The SNP has suffered a series of setbacks since Nicola Sturgeon's resignation | Alamy

Mitchell says the constitutional question no longer has the “primacy” it once had. “We are seeing some supporters of independence willing to vote Labour,” he says. “They now see that the Scottish and UK Governments were playing politics during the pandemic and continue to do so in its aftermath. A section of independence supporters want change and having given the SNP a chance to deliver change – whether constitutional or delivering on promises – they are now looking elsewhere.

“While the SNP leadership produces yet another white paper and claims it wants an independence referendum, it still has not come close to having a convincing and credible response to many of the issues raised in 2014. Brexit highlights differences between Scotland and the whole of the UK but it also undermines the case for independence relative to the situation pertaining in 2014. So it is not just the SNP’s lamentable record in office but the wider context that has acted against the SNP.”

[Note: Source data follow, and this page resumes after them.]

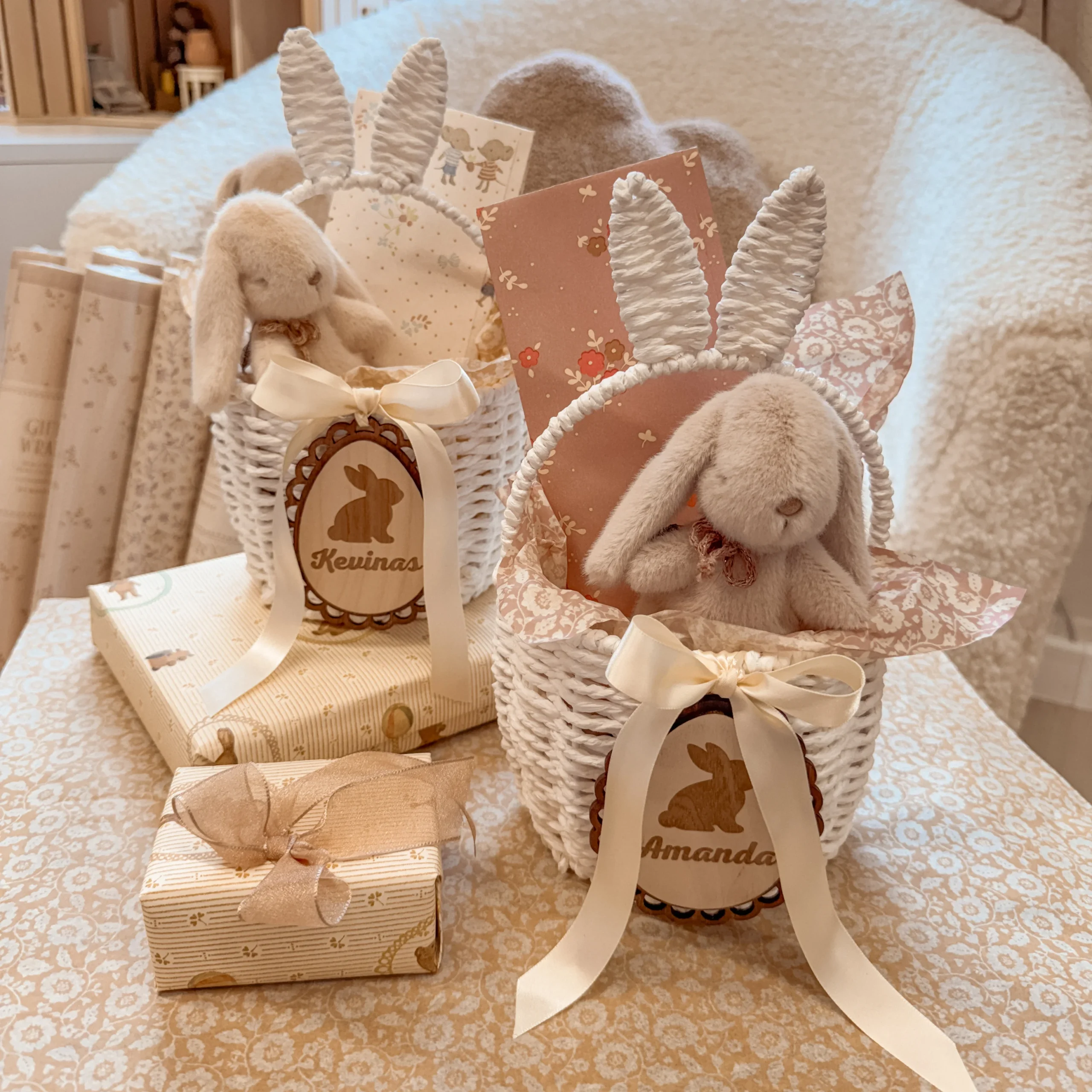 - Velykinis krepšelis su vaiko vardu + 13 cm Maileg zuikutis (sutaupote 7€)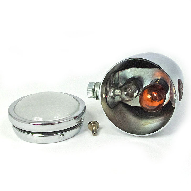 The internals of this lamp have been modified to accept two individual capless bulbs with the WEDGE T10 base - a clear 5W side lamp and an amber 21W indicator lamp. 12 Volt incandescent bulbs available only.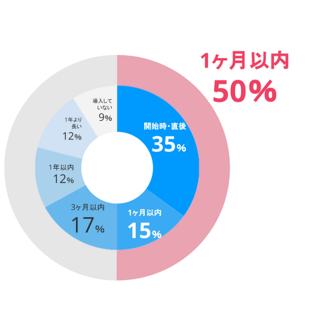 EC事業開始から1ヶ月以内に導入した事業者:50%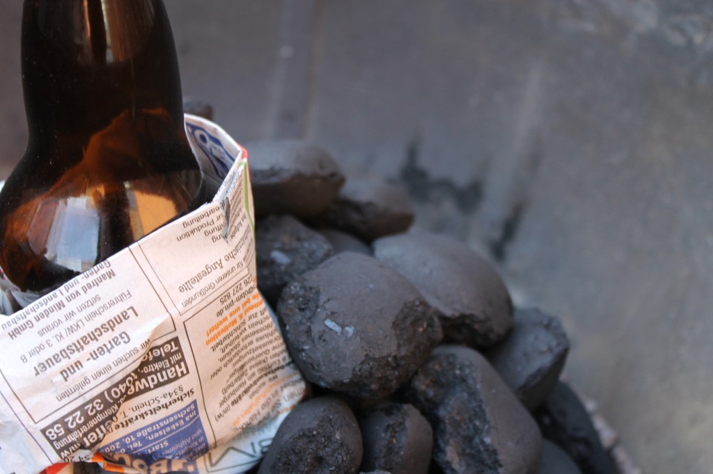 Wir nehmen dazu eine Doppelseite Zeitungspapier und wickeln sie um eine leere Bierflasche, so als wollten wir sie einpacken. Boden der Flasche und Seiten sollten fest verpackt sein, der Flaschenkopf aber frei bleiben. Wir stellen die so verpackte Flasche dann auf den Grill und legen die Grillkohlen in Form eines Vulkans um die Bierflasche. Wir nehmen dann die Bierflasche vorsichtig aus dem Krater und achten darauf, dass die Zeitung stabil zwischen Kohlen verbleibt. Wir zünden nun das Zeitungspapier im peruanischen Grillkohlevulkan an. Auf den Bildern seht ihr dann auch noch weitere spannende Projekte für den Grillabend, die ich vor Jahren für das YPS Heft sammeln durfte. Einen Grill oder Kohlekamin selber bauen? Mit Sonnenergie eine Tiefkühlpizza backen, Grillanzünder aus Wattepads herstellen oder einfach Weintrauben als Eiswürfel verwenden? Wer Ahnung oder Neugier für Naturwissenschaften hat, hat eigentlich immer genug Projekte vor sich. (Wer weitere Anregungen haben möchte muss beim Egmont Ehapa Verlag mal nach alten YPS Ausgaben fragen oder noch viel besser gleich um die Wiederauflage des Magazins bitten.)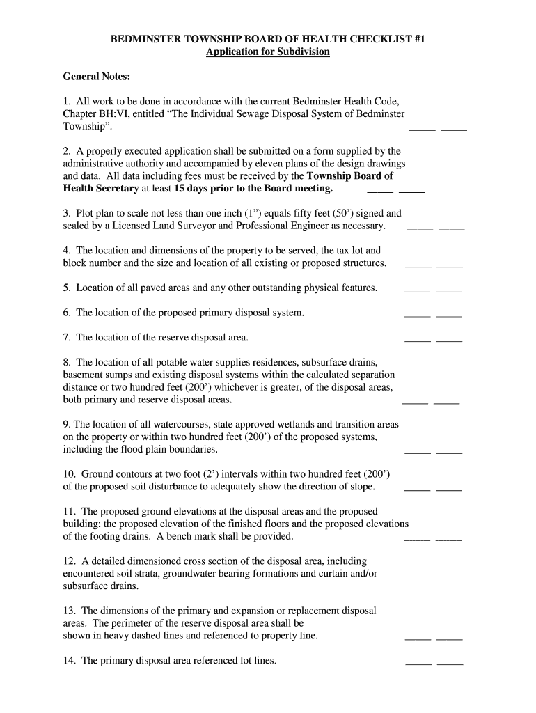 LEOMINSTER TOWNSHIP BOARD OF HEALTH CHECKLIST #1 Application for Subdivision General Notes: 1. All work to be done in accordance with the current Bed minster Health Code, Chapter BH:VI, entitled The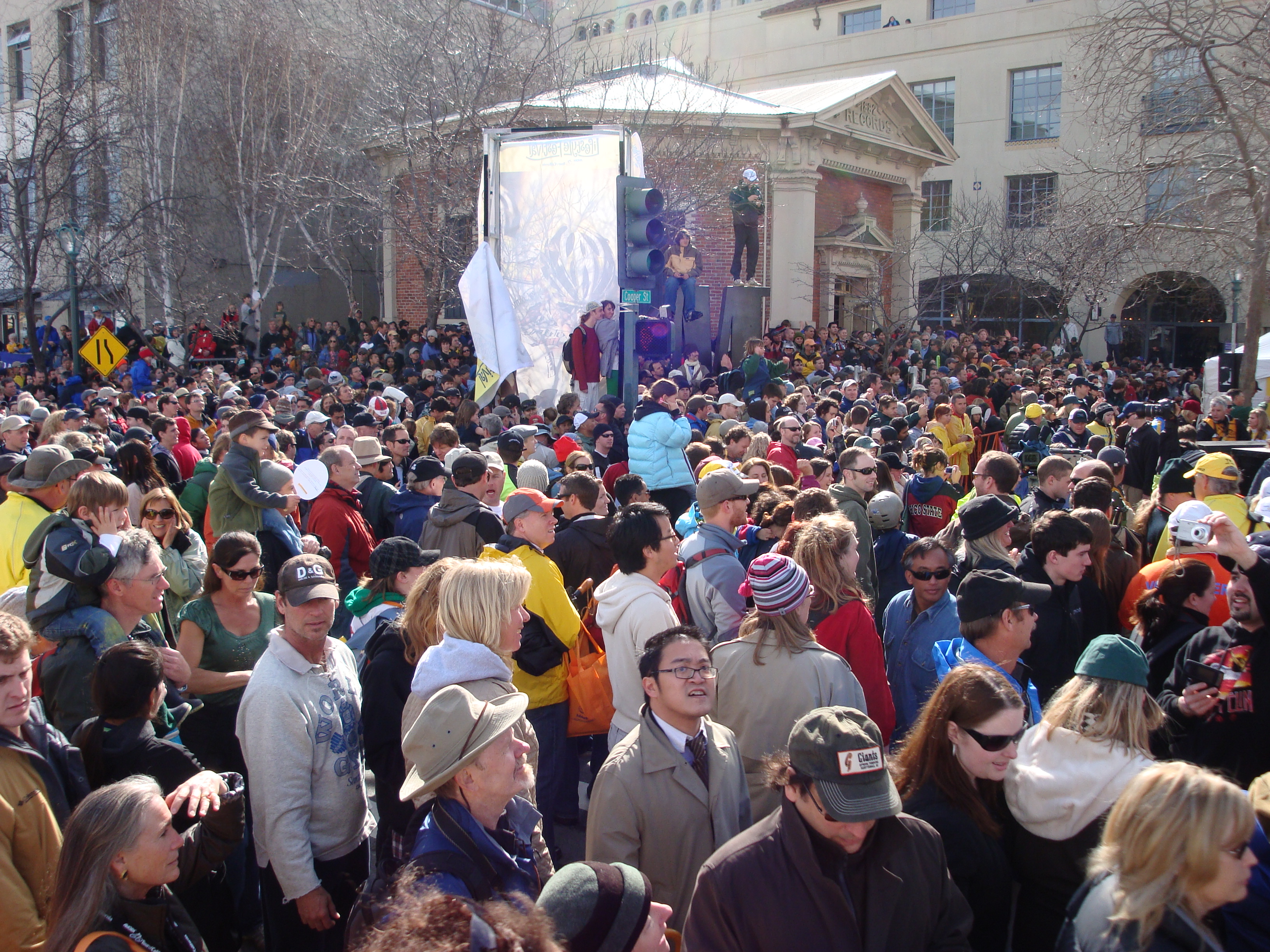 Crowds pack the streets of Santa Cruz for the finish of Stage 2 of the Tour of California. Not a bad turn-out for a day when sunshine kept alternating with hammering rain.

Indeed, as the constitutional question has faded from view, more of a spotlight is being shone on the SNP’s record in government, with concerns over the state of the education system and NHS waiting lists. Recent controversies including the deletion of WhatsApp messages and now ex-health secretary Michael Matheson’s £11,000 iPad data roaming bill haven’t helped. With Sturgeon no longer in charge, the party seems less capable of fending off attacks when it comes to its 17 years in power. 

“Whereas back in 2021 and a long time beforehand evaluations of the Scottish Government’s record didn’t seem to be associated with the willingness of people to vote for the SNP again, now it looks as if it might be,” says Curtice. “People who are concerned about the state of the health service who voted for the SNP in 2019 are now somewhat less likely to say they will do so again. 

“There are doubts about the SNP as a political institution and its record in government – a less popular leader and a more divided party. Put those things together and there’s a broad sense this is not the party that people voted for in 2019 or 2021.”

If the SNP has had its annus horribilis then for Scottish Labour, things can only get better. After growing complacent during the years it was dominating Scottish politics, the party now looks to have learned its lessons. It remains to be seen how many voters are willing to forgive and forget.